One other lady who gives me business goosebumps is Wandia
Gichuru.
She co-founded Vivo Fashion Group in 2011 with Ann-Marie Burugu, Vivo began as an online store addressing a personal frustration: the lack of affordable, stylish activewear for African women that fit diverse body types and lifestyles. Starting with a modest investment and no physical stores, the duo bootstrapped the business amid Kenya's nascent e-commerce scene, grappling with supply chain disruptions, high import duties on fabrics, and limited access to capital in a market favoring international brands. By turning to local manufacturing and opening brick-and-mortar outlets, Vivo expanded rapidly, launching sub-brands like Vivo Activewear for athleisure and Shop Zetu as an online marketplace aggregating African designers. Despite challenges like the COVID-19 pandemic's impact on retail and rising production costs, Wandia secured investments from global funds, including a significant round in 2022 that fueled growth. As of today, 2025, Vivo operates over 20 stores across Kenya, Uganda, and Rwanda, with an online presence reaching the US market through partnerships in Atlanta and beyond. She could have as well chosen the easy path, yet her success gives a different story, that defies the easy path by embracing retail complexities, cultural relevance, and global expansion, creating a brand that not only profits but also promotes body positivity and economic inclusion.

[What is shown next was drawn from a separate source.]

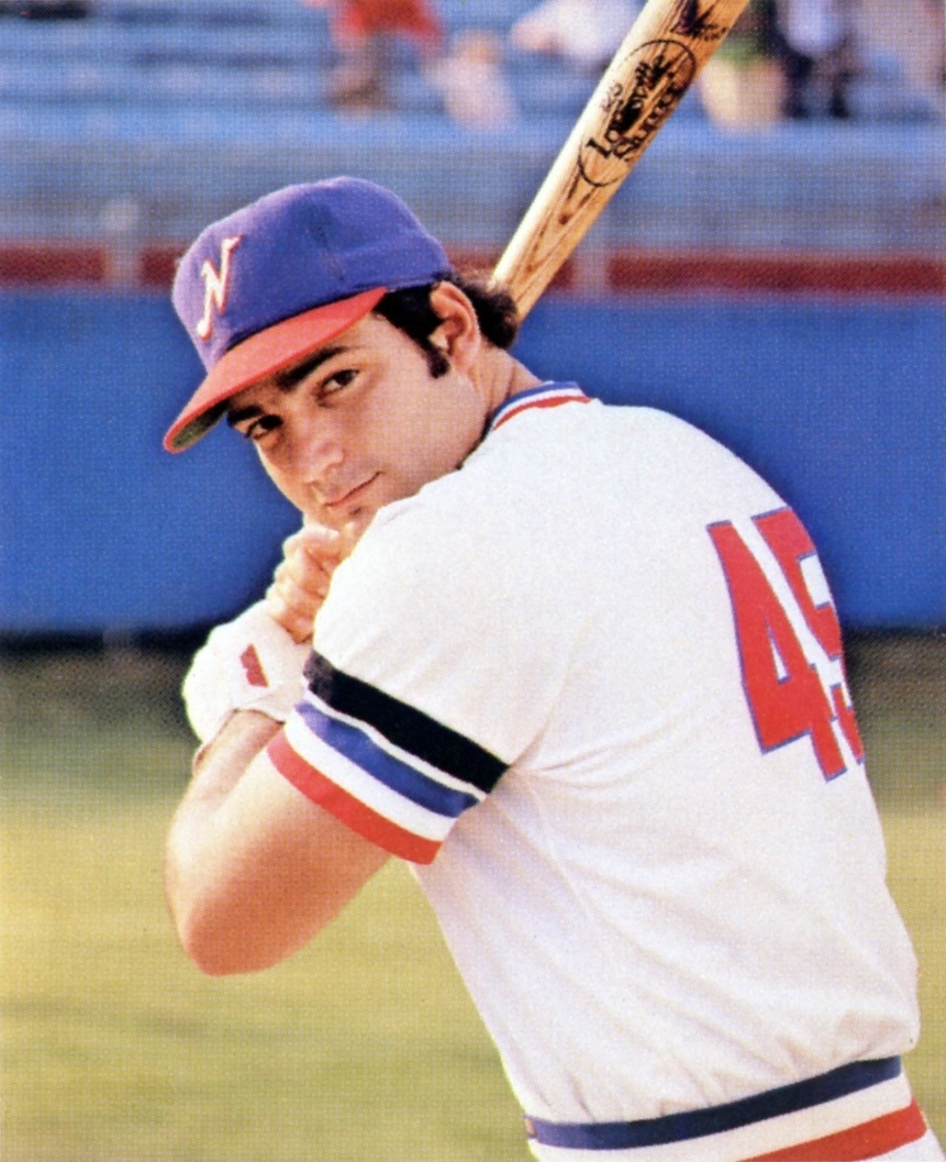 First baseman Steve Balboni of the 1980 Nashville Sounds Minor League Baseball team of the Southern League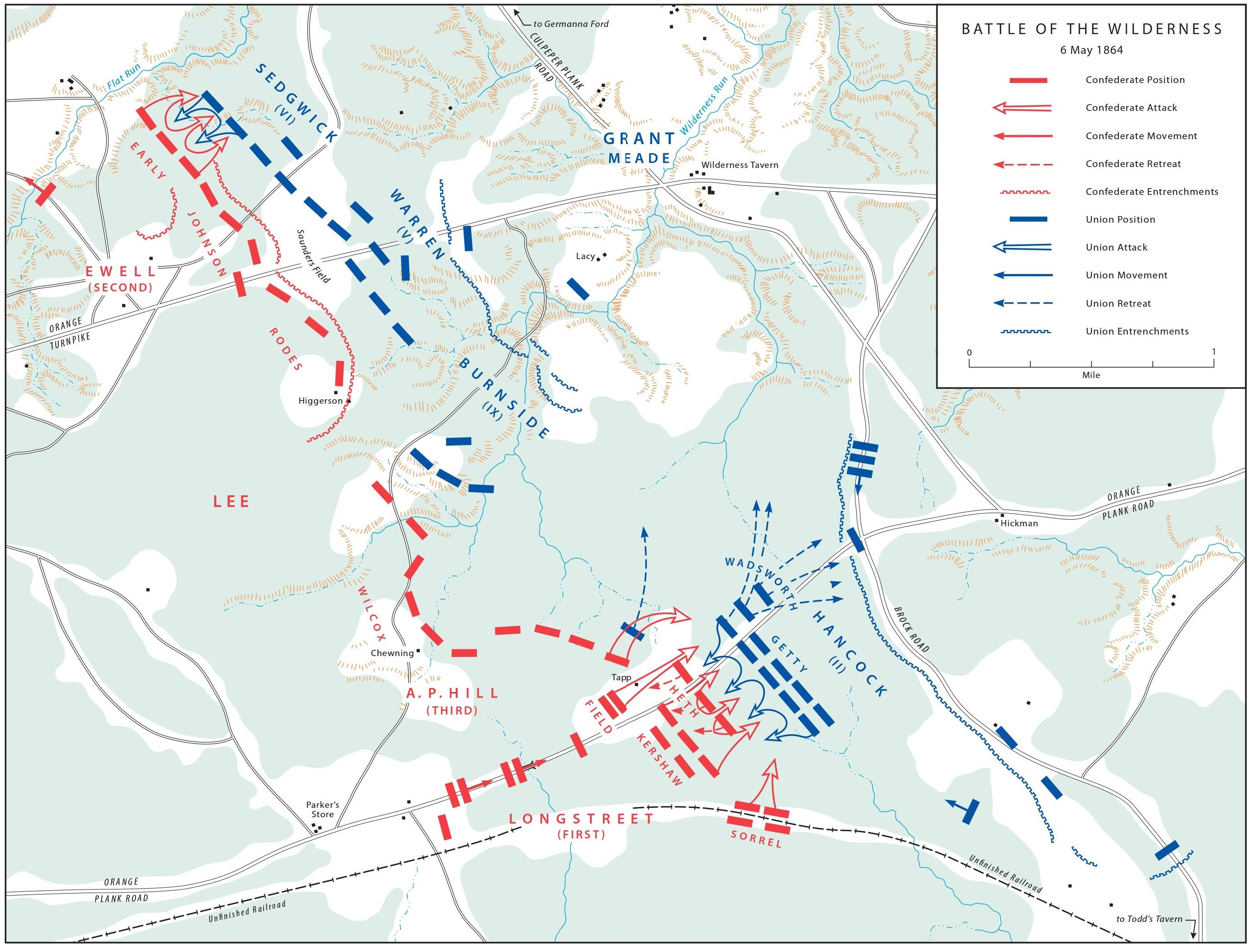 Battle of the Wilderness (May 5-7, 1864). Situation May 6.

Practical Strategies for Aspiring Entrepreneurs
The good news? Awareness is the first step to countering this
bias. To thrive in entrepreneurship, globally or in Africa, consider these
tactics:
1. Break
Tasks into Micro-Steps: Reduce cognitive load by tackling one small action at a
time, research one investor today, not the whole funding round.
2. Build
Support Systems: Join ecosystems like accelerators or networks to share the
effort. In Africa, initiatives like the African Business Angel Network provide
crucial backing.
3. Leverage
Technology: Tools for automation (e.g., AI-driven marketing) minimize grunt
work, aligning innovation with ease.
4. Cultivate
Grit: Habits like daily journaling or mentorship can rewire your brain toward
long-term rewards over short-term comfort.
5. Policy
Advocacy: On a broader scale, pushing for reforms in funding and infrastructure
can lower barriers for all.
The Law of Least Effort is a powerful force, but it's not destiny. Entrepreneurs can harness their willpower to pursue paths of greater impact. In Africa and beyond, the next wave of innovation will come from those who choose effort over ease, creating not just businesses, but legacies.